> **Data provided**
+---+
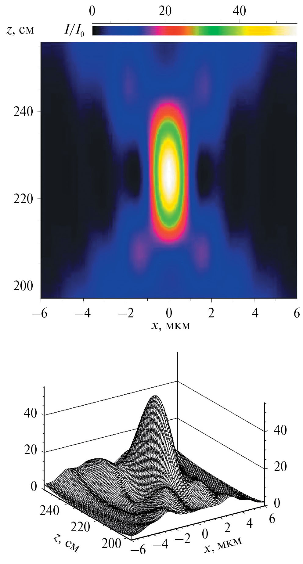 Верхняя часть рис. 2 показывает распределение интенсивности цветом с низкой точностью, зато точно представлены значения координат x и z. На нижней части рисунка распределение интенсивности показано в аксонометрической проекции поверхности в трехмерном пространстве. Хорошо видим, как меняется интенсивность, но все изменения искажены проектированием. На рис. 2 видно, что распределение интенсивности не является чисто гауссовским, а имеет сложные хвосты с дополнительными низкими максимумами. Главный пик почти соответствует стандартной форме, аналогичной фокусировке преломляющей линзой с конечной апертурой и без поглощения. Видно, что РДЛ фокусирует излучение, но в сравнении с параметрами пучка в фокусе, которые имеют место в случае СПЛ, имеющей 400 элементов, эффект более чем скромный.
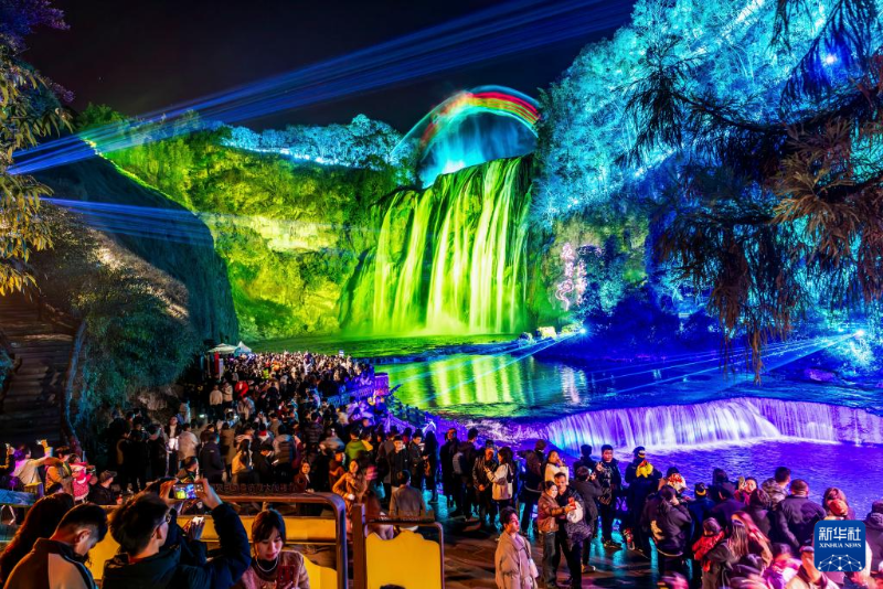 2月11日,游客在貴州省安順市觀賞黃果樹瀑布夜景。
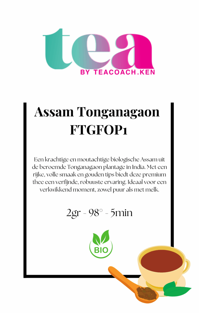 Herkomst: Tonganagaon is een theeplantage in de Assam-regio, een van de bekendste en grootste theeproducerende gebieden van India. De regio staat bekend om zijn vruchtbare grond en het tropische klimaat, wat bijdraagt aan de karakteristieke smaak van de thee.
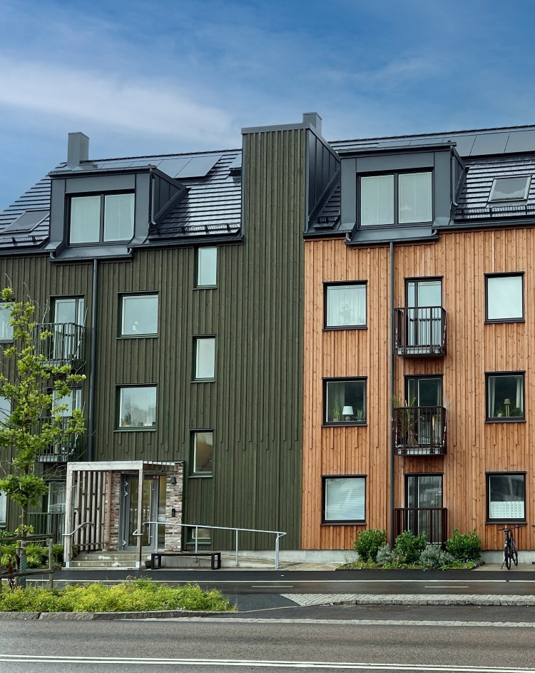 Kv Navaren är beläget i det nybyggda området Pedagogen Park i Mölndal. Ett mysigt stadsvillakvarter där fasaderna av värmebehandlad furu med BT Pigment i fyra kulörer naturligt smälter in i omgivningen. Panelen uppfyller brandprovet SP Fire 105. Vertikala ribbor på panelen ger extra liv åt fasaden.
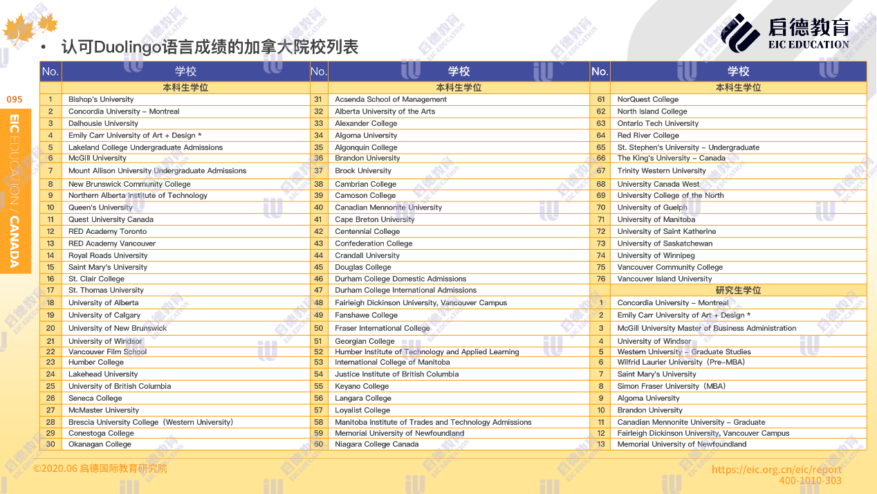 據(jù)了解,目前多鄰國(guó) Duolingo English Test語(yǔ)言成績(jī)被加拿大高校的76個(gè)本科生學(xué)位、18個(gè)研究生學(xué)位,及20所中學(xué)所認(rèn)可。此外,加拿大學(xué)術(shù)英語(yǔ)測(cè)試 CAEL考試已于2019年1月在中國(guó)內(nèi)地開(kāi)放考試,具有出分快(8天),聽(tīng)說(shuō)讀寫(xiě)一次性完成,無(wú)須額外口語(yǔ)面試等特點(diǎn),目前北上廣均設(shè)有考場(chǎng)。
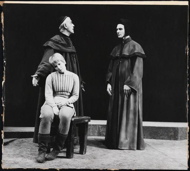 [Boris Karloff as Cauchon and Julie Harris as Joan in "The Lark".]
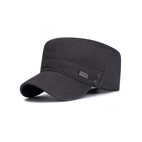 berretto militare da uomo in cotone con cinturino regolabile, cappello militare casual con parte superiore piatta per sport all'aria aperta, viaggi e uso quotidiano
+---+
> **Problem details**
Please retype the whole listing above word for word and drop the pictures.

> **Your response**
 Верхняя часть рис. 2 показывает распределение интенсивности цветом с низкой точностью, зато точно представлены значения координат x и z. На нижней части рисунка распределение интенсивности показано в аксонометрической проекции поверхности в трехмерном пространстве. Хорошо видим, как меняется интенсивность, но все изменения искажены проектированием. На рис. 2 видно, что распределение интенсивности не является чисто гауссовским, а имеет сложные хвосты с дополнительными низкими максимумами. Главный пик почти соответствует стандартной форме, аналогичной фокусировке преломляющей линзой с конечной апертурой и без поглощения. Видно, что РДЛ фокусирует излучение, но в сравнении с параметрами пучка в фокусе, которые имеют место в случае СПЛ, имеющей 400 элементов, эффект более чем скромный.
 2月11日,游客在貴州省安順市觀賞黃果樹瀑布夜景。
 Herkomst: Tonganagaon is een theeplantage in de Assam-regio, een van de bekendste en grootste theeproducerende gebieden van India. De regio staat bekend om zijn vruchtbare grond en het tropische klimaat, wat bijdraagt aan de karakteristieke smaak van de thee.
 Kv Navaren är beläget i det nybyggda området Pedagogen Park i Mölndal. Ett mysigt stadsvillakvarter där fasaderna av värmebehandlad furu med BT Pigment i fyra kulörer naturligt smälter in i omgivningen. Panelen uppfyller brandprovet SP Fire 105. Vertikala ribbor på panelen ger extra liv åt fasaden.
 據(jù)了解,目前多鄰國(guó) Duolingo English Test語(yǔ)言成績(jī)被加拿大高校的76個(gè)本科生學(xué)位、18個(gè)研究生學(xué)位,及20所中學(xué)所認(rèn)可。此外,加拿大學(xué)術(shù)英語(yǔ)測(cè)試 CAEL考試已于2019年1月在中國(guó)內(nèi)地開(kāi)放考試,具有出分快(8天),聽(tīng)說(shuō)讀寫(xiě)一次性完成,無(wú)須額外口語(yǔ)面試等特點(diǎn),目前北上廣均設(shè)有考場(chǎng)。
 [Boris Karloff as Cauchon and Julie Harris as Joan in "The Lark".]
 berretto militare da uomo in cotone con cinturino regolabile, cappello militare casual con parte superiore piatta per sport all'aria aperta, viaggi e uso quotidiano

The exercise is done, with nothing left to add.